In this Voices of Child Health in Chicago report, we explore child health and how it is associated with factors at the family level, such as parent health, household income, and race and ethnicity, and with factors at the neighborhood level, such as local park use and perceptions of neighborhood safety. To learn more about these topics, researchers at Ann & Robert H. Lurie Children’s Hospital teamed up with the Chicago Department of Public Health (CDPH) on the 2018-19 Healthy Chicago Survey, Jr. to ask parents from all 77 community areas in Chicago about their children’s health and their own health.
We asked parents about the health status of their children using a five-option scale. Children who were reported to be in “excellent” or “very good” health were grouped as having “better” health status. Children who were reported to be in “good,” “fair,” or “poor” health were grouped as having “worse” health status. In our survey, 19% of Chicago parents had at least one child who was in worse health. Older children (11+ years old) were more likely to be in worse health (20%) than children who were 6-10 years old (16%) and those who were 0-5 years old (13%), which is consistent with national trends. There was no difference in child health status by gender.
We also asked parents about their own health using the same “better” or “worse” health status groupings as for children. Consistent with our findings from last year, parents who had worse self-reported health status were more likely to have a child(ren) in worse health status (29%) compared with parents who had better self-reported health status (5%).
Additionally, children who had a parent who currently smoked cigarettes were more likely to be in worse health (29%) than children whose parent never smoked (16%) (Figure 1). Parental smoking has been associated with increased rates of child asthma and other respiratory conditions.
Children living in families with household income below the federal poverty line (FPL, which in 2019 was $25,750 for a family of four), were less likely to be in better health (75%), compared with children living in families with low to middle income (100-399% of the FPL) and those with higher household income (400% or above the FPL) (85% and 94%, respectively) (Figure 2).
Children from Non-Latinx White families were the most likely to be in better health (92%), followed by children in Non-Latinx Black families (85%), and children in Latinx families (76%). Racial disparities in health – i.e., worse health for children of color than for white children – was one of the major social concerns that Chicago parents had for youth in Chicago for the past two years. Research suggests that discrimination contributes to health disparities among youth.

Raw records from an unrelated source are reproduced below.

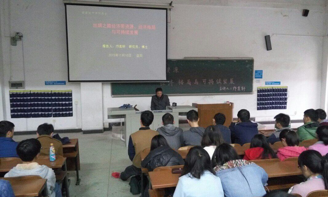 米兰体育·米兰官方网站优秀校友、湖南省社会科学院农研中心研究员邝奕轩教授为我院新生们开展了以“丝绸之路资源、经济格局与可持续发展”为主题的报告讲座,讲座在一教105教室举行。我院刘刚老师和王方俊老师以及全体大一新生聆听了讲座。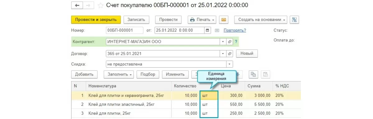 Счет покупателю теперь имеет колонку с единицей измерения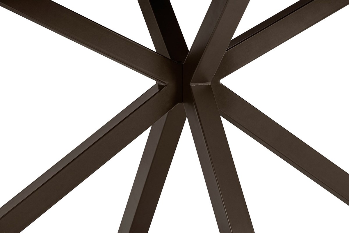 Le plateau en placage chêne basalt offre le charme naturel du bois tout en garantissant une grande facilité d’entretien. Le pied X (pied en étoile) en métal steel brown ajoutent une touche moderne et assurent une excellente stabilité. Cette harmonie de matériaux fait de la CALETTA un choix idéal pour les intérieurs modernes et scandinaves.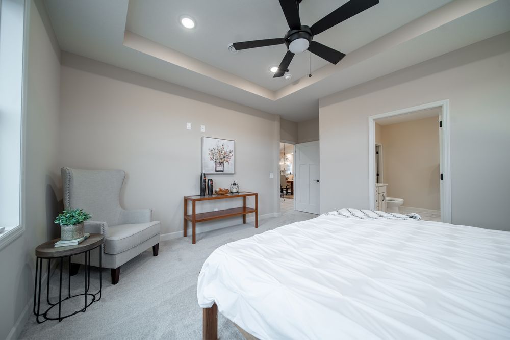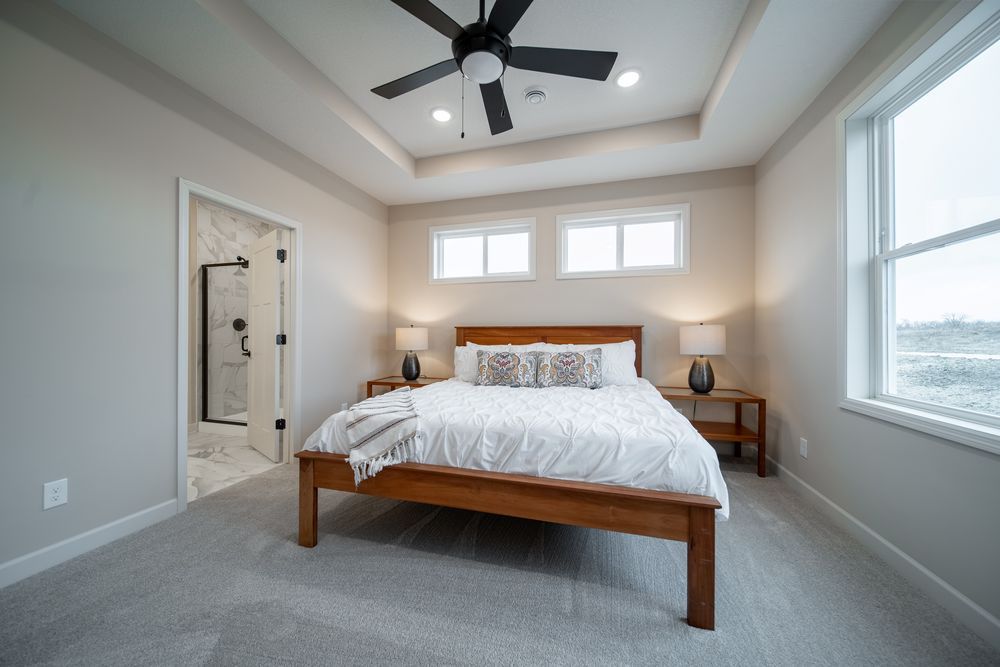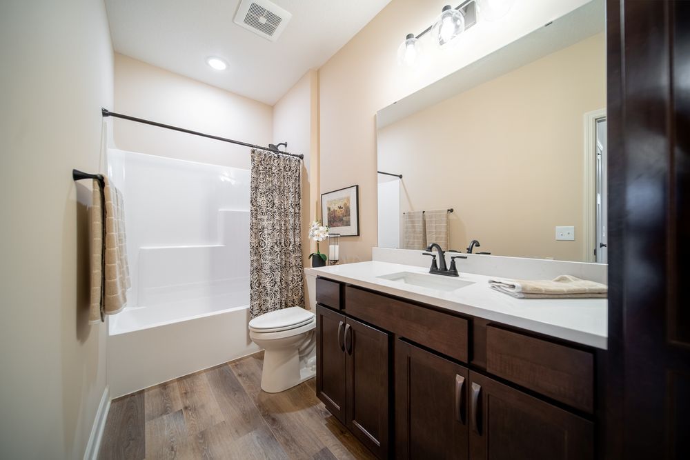 -Owner’s suite features a large walk-in closet and a private bathroom with a quartz double-bowl vanity and tiled shower with separate tub.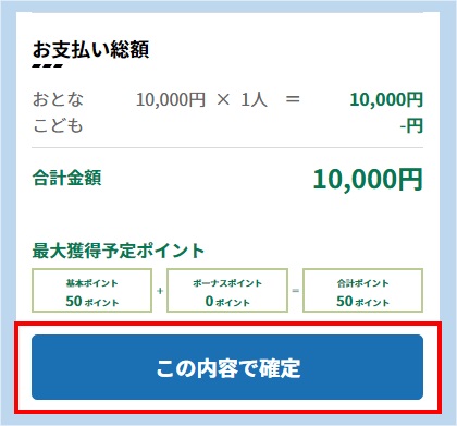 お支払い総額がお間違いないかをご確認の上、この内容で確定 をタップしてください。

Parents who had a child in worse health were less likely to report using their local park (69%) than parents who did not have a child in worse health (81%). When a child is in worse health, accessing local parks may be more difficult for families. Other research has found benefits of park use such as higher levels of physical activity for youth, which in turn is associated with reduced rates of obesity. In our survey, park use was not associated with parent health status.
Parents who reported feeling safe in their neighborhood most of the time or all of the time were more likely to have a child in better health (86%) than parents who only felt safe in their neighborhoods sometimes (79%), and those who said they mostly did not feel safe in their neighborhoods (70%). Other research has shown that adolescents have better mental health if they live in neighborhoods in which neighbors tend to get along and share common values (e.g., social cohesion) and count on each other to take action in the face of everyday problems (e.g., collective efficacy). This indicates that efforts to strengthen neighborhoods may have a positive impact on youth health and youth mental health in particular.